Principle and process of G4-miner
In G4-miner, DNAs are whole genome sequenced only once using a standard Illumina sequencing protocol and standard buffers. The standard sequencing buffers have been optimized and do not cause strong G4 stabilization24,27. However, destabilized G4 structures still influence the sequencing reaction. Instead of altering the sequencing readout, a slight and inconstant drop in sequencing quality was recorded from the beginning of the G4 structure (Fig. 1). In a standard sequencing experiment, DNA fragments in clusters were sequenced, and the Phred quality scores were calculated for each read (cluster). An unstably formed G4 causes unexpected fluctuations in sequencing quality, but usually does not cause mismatches.

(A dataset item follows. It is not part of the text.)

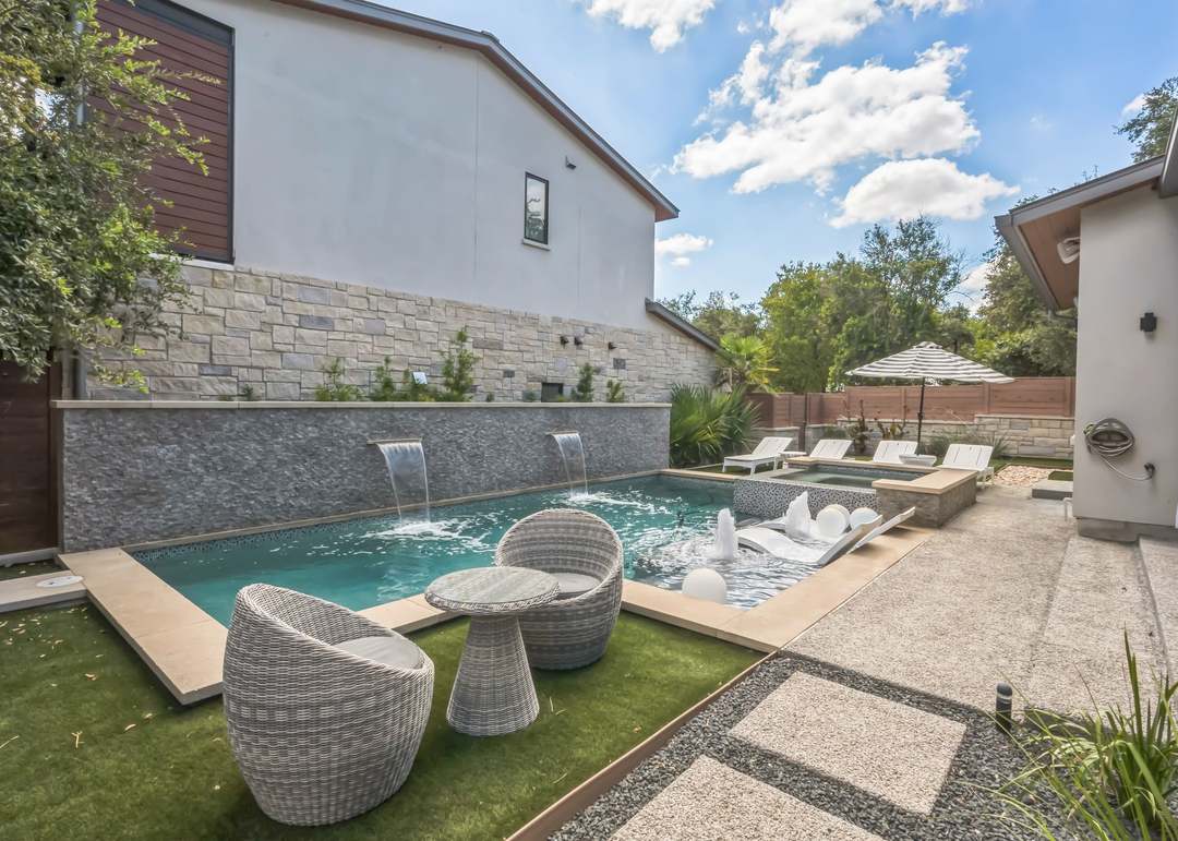 A stunning contemporary luxury pool area featuring a pristine turquoise infinity-edge pool with cascading waterfall features, sophisticated gray stone retaining walls, and premium woven lounge furniture arranged on a concrete patio. The space exemplifies resort-style elegance with manicured landscaping, professional hardscaping, and seamless indoor-outdoor integration backed by a modern two-story home.

G4-miner inspects sequencing quality in the whole genome, seizes unexpected fluctuations locally, and ascribes some of the quality fluctuations to the unstable formation of G4. Median quality scores of bases mapped to each locus in the genome were calculated after read mapping. For each site, we seize the quality scores of the next 75 nt and recorded the number of loci whose median quality score significantly dropped in comparison with that of the specific site. G4 sites were mined after setting the thresholds of the number of loci, and the quality score dropped.
Validation by known sequences
We validated our approach by inspecting the sequencing quality scores of four known control sequences: two containing stable G4 structures (src and myc), one conforming requirement of canonical G4, but that has been demonstrated to prevent G4 formation (a-repeat)28, and a guanine-rich strand that cannot form a G4 (G-rich)29 (Supplementary Table 1). Phred quality scores30 were used to quantify the sequencing quality. We calculated the median quality scores for each locus in the template/genome to seize and represent inconstant sequencing quality fluctuations. Although the readouts were not altered in all control sequences, the median quality score fluctuated slightly from or before the beginning of the G4 structure in the positive controls (Fig. 2a, b). For src and myc, the median quality score dropped ≥ 4 at 55 and 25 loci among the 75 bases (half of the read length) from the beginning of the G4 structure. In contrast, sequencing of the negative controls observed fewer than 6 loci (Fig. 2c, d).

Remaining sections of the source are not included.